What You Actually NEED to Learn a Language

 

You may be surprised to learn that you already have what you need to learn a new language. It’s not the next fancy course, expert tutor, degree or certificate. It’s you. It’s you knowing that you are capable, finding available ways to educate yourself, and effort & determination to follow through.

Believe You Are Capable

You are already capable of learning another language.

You are already capable of learning another language.

You are already capable of learning another language.

Before you can learn another language you need to believe that you can because you can. You may not know how long it’ll take or even how you’ll manage to do it, but you need to know that you can because you’ll find a way.

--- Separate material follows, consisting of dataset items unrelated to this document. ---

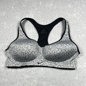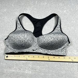 Up for sale: Nike DRI FIT Sports Bra Size 36B Gray Leopard Training Padded Racer Back
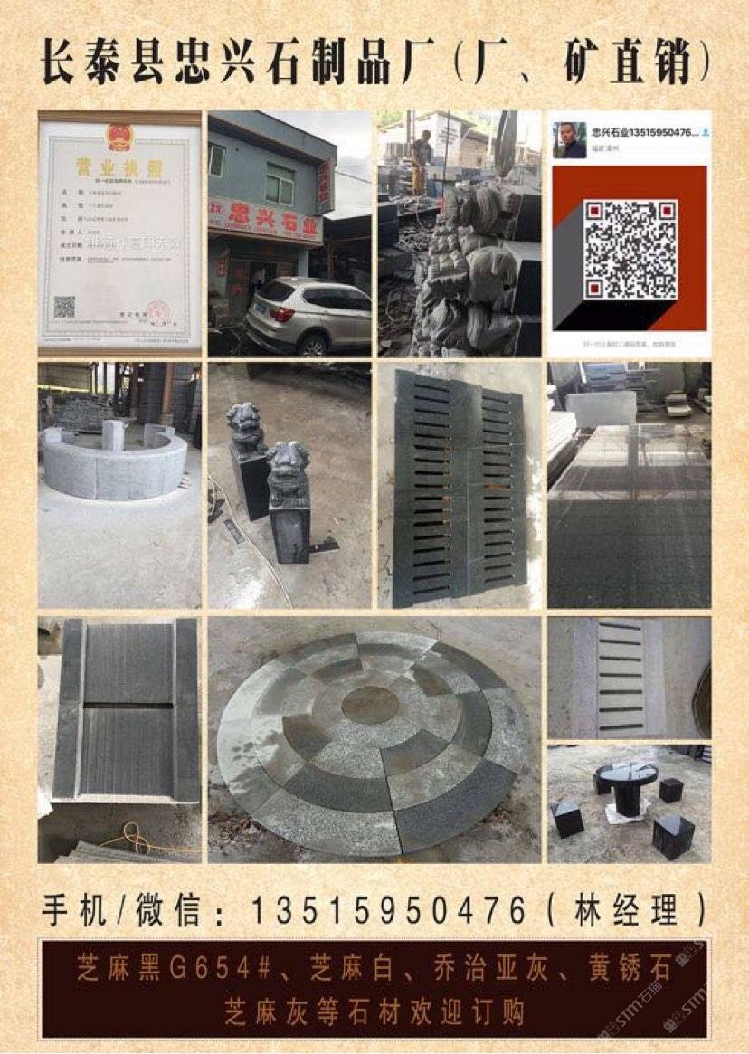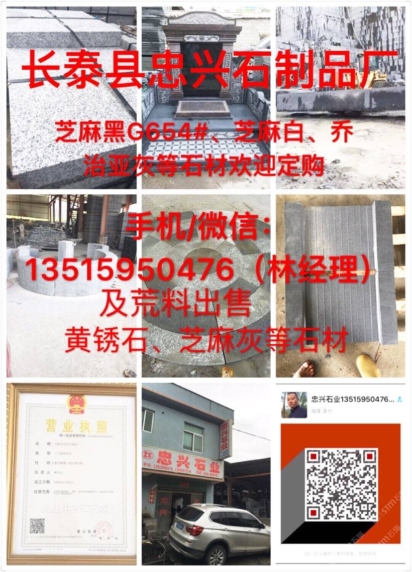 【長泰縣忠興石制品廠】礦區(qū)直銷、誠信經(jīng)營。(正常規(guī)格全部特價處理)專注:園林、市政工程.異形..別墅.荔枝面、火燒面、仿中國黑、墓碑石、荒料礦山直銷:G654芝麻黑 、G655芝麻灰 、黃銹石等。 我廠離廈門機場(50公里);距離高鐵廈門北站(40公里)導(dǎo)航地址:(長泰縣忠興石制品廠)地址:福建省長泰縣林墩美宮工業(yè)區(qū)。 電話/微信號:13515950476林經(jīng)理[握手] 歡迎到工廠考察、誠信服務(wù),合作互利,感恩有你!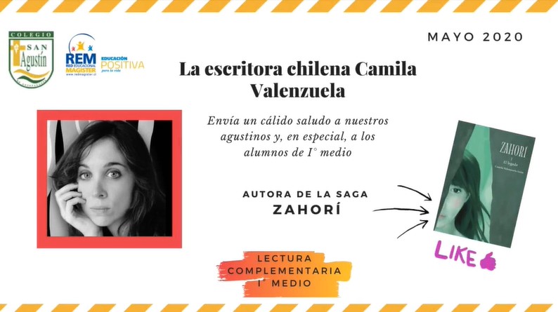Camila Valenzuela, joven escritora, editora y académica que ha publicado cuentos y novelas en distintas editoriales, y ha recibido importantes galardones por su trabajo, como el Premio Barco de Vapor 2014 por su novela “Nieve Negra”. También sus lectores han podido disfrutar las siguientes obras literarias; “Saga Zahorí”, “El legado”, historia de corte fantástico inspirada en el Sur de Chile. “ Antes de volver a caer “, “ Las durmientes “, “ La espera “, entre otras. Ha enviado un mensaje a toda la Comunidad Agustina. ¡¡¡¡ Agradecemos sus palabras !!!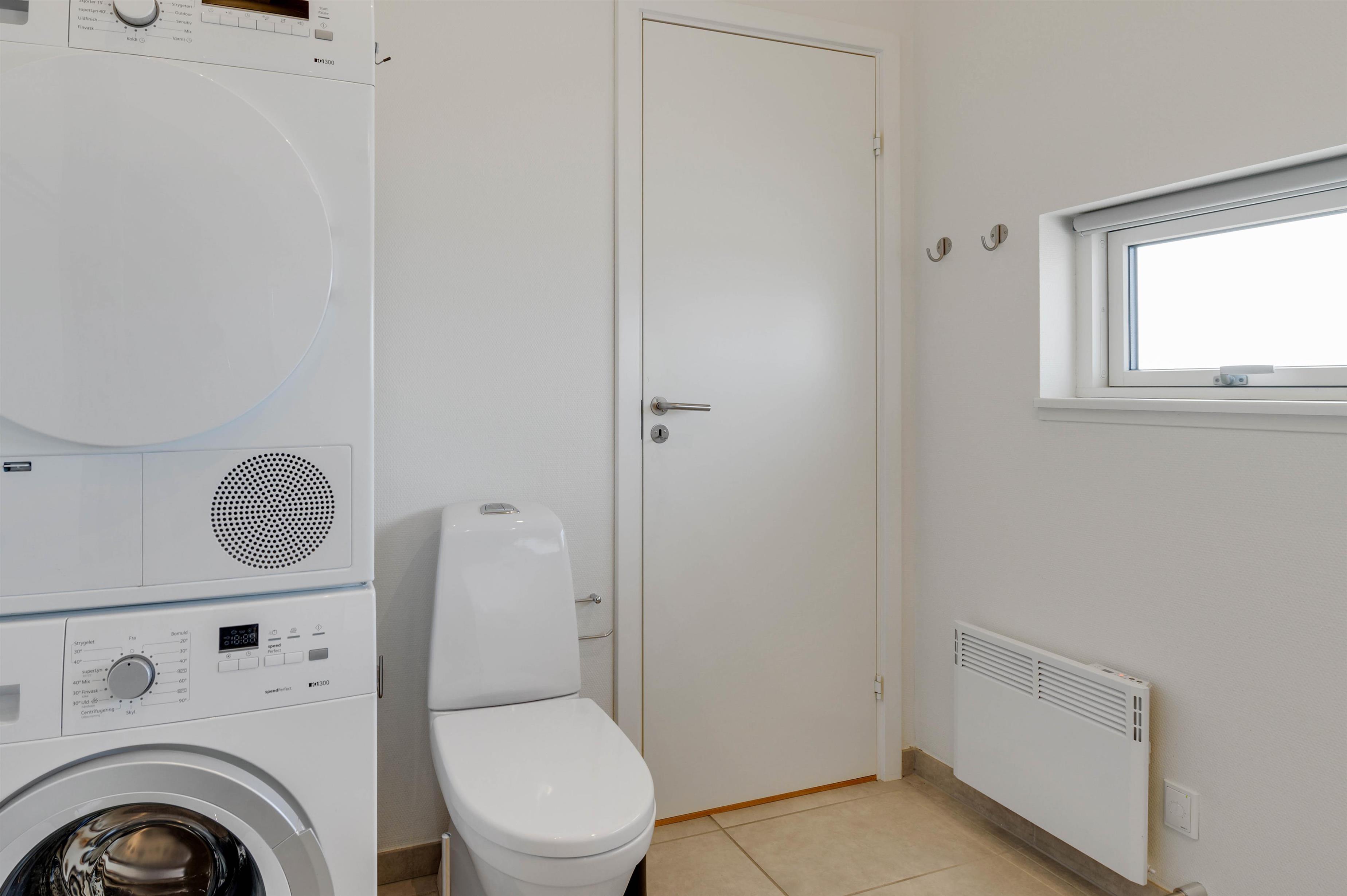 Om aftenen indbyder spisebordet til hygge og kogeøen til fælles madlavning, imens I lytter til tonerne fra Bluetooth højtaleren, som også er at finde i feriehuset. I behøver ikke spekulere på, hvem der tager opvasken - det klarer opvaskeren. Derudover findes også både vaskemaskine og tørretumbler i feriehuset på Harbo Stages Vej 3. Dermed behøver I kun at tænke på at finde jeres yndlingstøj frem til ferien.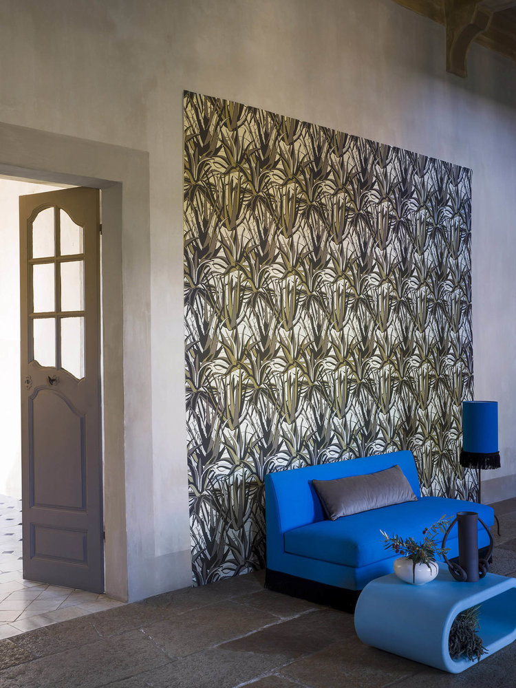 Een grafische en eigentijdse versie van een mediterrane tuin waar agaves en vetplanten verstrengeld zijn. De traditionele druk mat en glad brengt zachtheid en elegantie in de kleuren.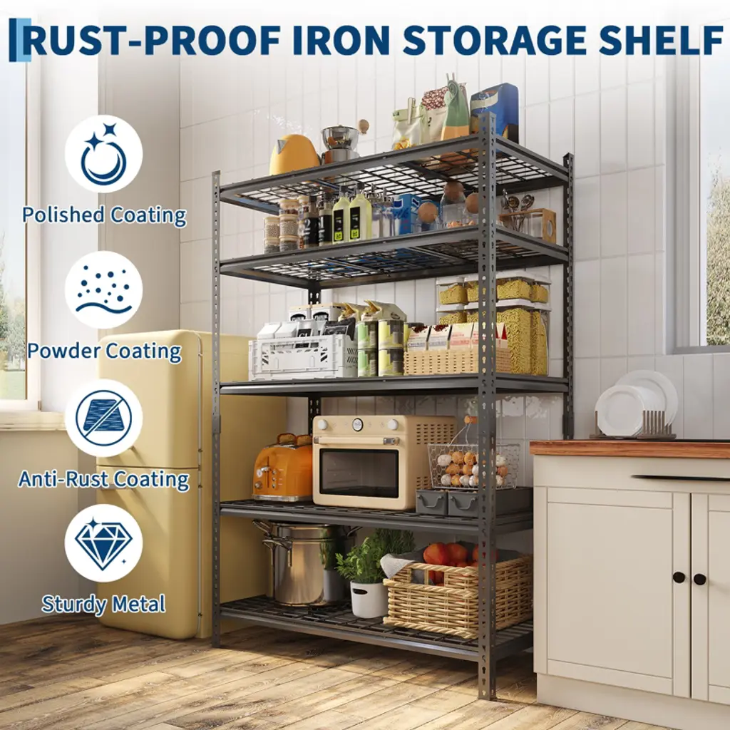 5 Tier Metal Storage Shelving Unit, Adjustable Garage Storage Shelves, Utility Storage Wire Rack, Kitchen Shelving Unit, 48”w X 24”d X 72”h, 1 Pc
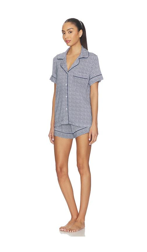 EBERJEY GISELE PRINTED RELAXED SHORT PAJAMA SET IN NAVY.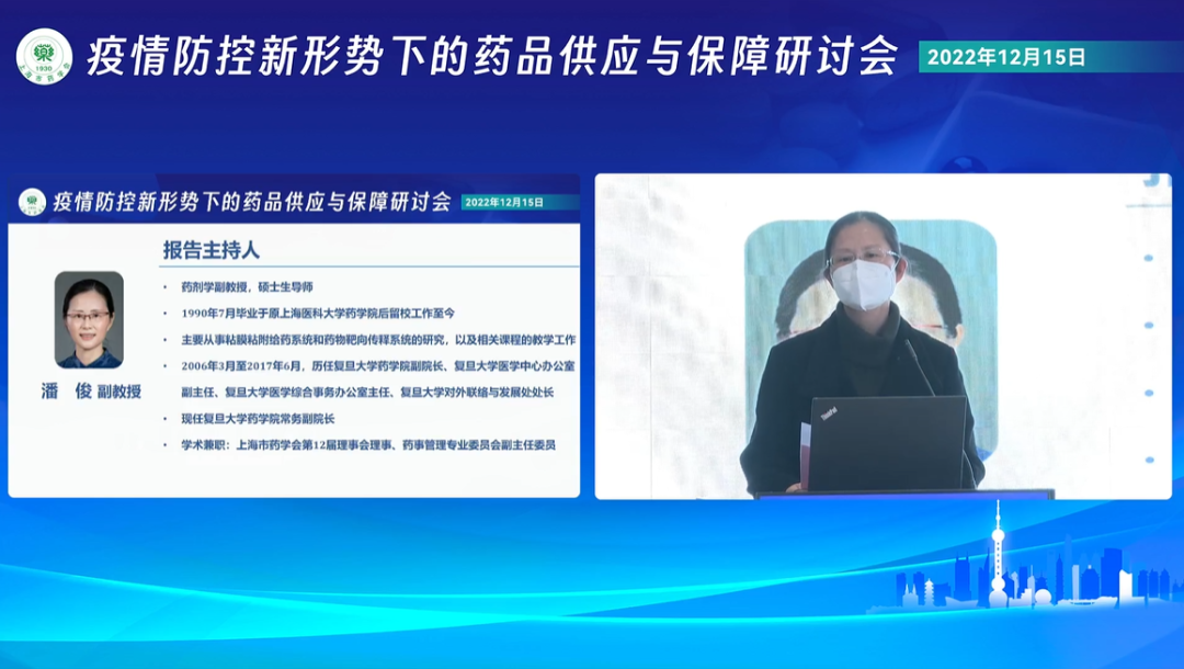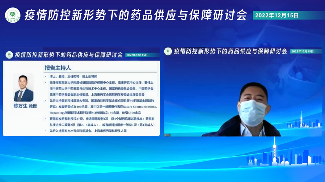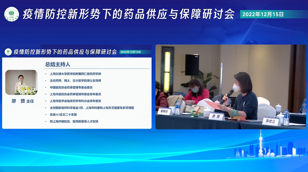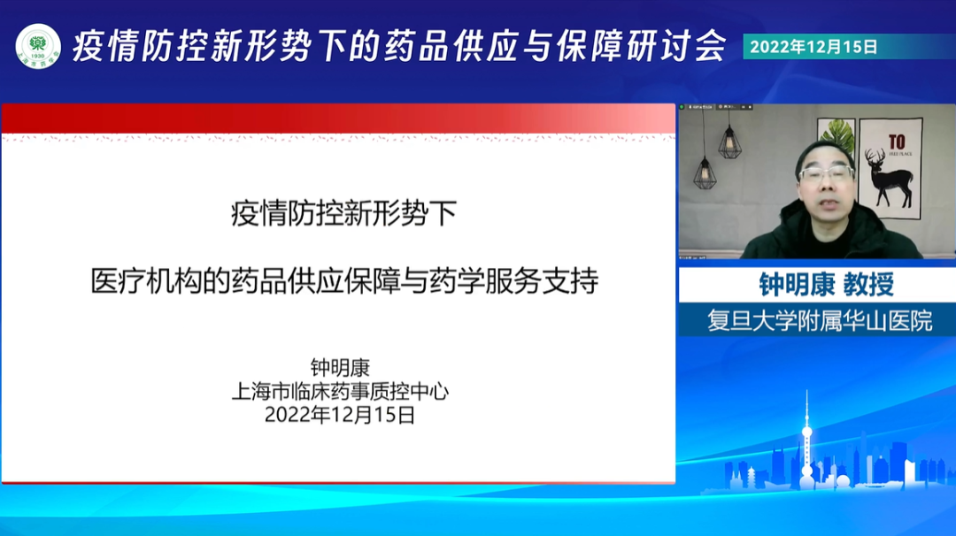 11月11日,国务院联防联控机制综合组发布《关于进一步优化新冠肺炎疫情防控措施 科学精准做好防控工作的通知》,公布了二十条措施,其中提出“加快新冠肺炎治疗相关药物储备”。近日,又出台了新“十条”措施,更加聚焦防疫工作的科学精准。为落实国务院联防联控机制要求,本市也在持续优化调整疫情防控相关策略。其中,疫情防控新形势下的药品供应与保障成为优化防疫工作的重要内容。为更好地做好药品供应保障工作,上海市药学会药事管理专业委员会联合上海市临床药事管理质控中心于12月15日举行“疫情防控新形势下的药品供应与保障”研讨会。会议采用“线上+线下”结合的形式,线上共计吸引1370人次观看直播。

When you believe this, you keep going when you struggle. You overcome the obstacles you are faced with and become even more capable because of them.

Your belief that you can trains your mind to work in problem-solving mode to find a solution to obstacles you encounter. You remain optimistic that you can work through your struggle because you’ve successfully solved problems before, are confident in your abilities to apply what you know even to unfamiliar situations, research or ask for help when you feel stuck to un-stuck yourself. When you believe that you can’t, you’re less likely to be successful because self-doubt, uncertainty, lack of confidence prevent you from persevering.

Educate Yourself

No one is going to teach you anything if you don’t educate yourself.

Read. Anything. Everything. Just read. Learn how to read really well in any language. Learn how to follow your interests and be inspired to learn more. Learn how to interpret what you read for what it is: a piece of writing by another person based on largely agreed upon information (non-fiction) or a story that potentially critics a societal topic (fiction).

What you really need to learn a language is to be good learner regardless of who your teacher is. A good learner takes initiative in their own learning and finds their own style & process that works for them. They see any information offered to them by someone else like a teacher or book (author) as one perspective to consider. When they disagree with or find themselves intrigued by a topic, they research it so that they can form their own educated opinion about it.

Educating yourself means that you do the work to learn & you become invested in the learning process. It’s still obtaining information from others through classes, videos, books, blogs, etc., but the intention is not to memorized & regurgitate “facts”. Instead, the intention is learn from what others know and create your own understanding and interpretation of that information.

Effort, Determination & Persistence

You only fail if you quit. Failure is a choice.

You will most certainly fail many times when you try to learn another language, but it’s not really failing as long as you keep going and find a different way that works. Remind yourself that you are capable even if you made embarrassing mistakes trying to speak your new language or had to spend 2 hours researching a grammar concept you didn’t understand. You are capable, and you’re on your own timeline.

Your perseverance will make or break whether you achieve fluency. It’s a combination of believing that you are capable & educating yourself that moves you along your language learning journey. As long as you keep going, you will inevitably make progress even when it’s slow. Remember, you are on your own timeline, no one else’s. It’s not about how quickly you reach fluency. It’s about how much you make the process your own so that you enjoy it as you reach your personal goals & achieve your own form of success.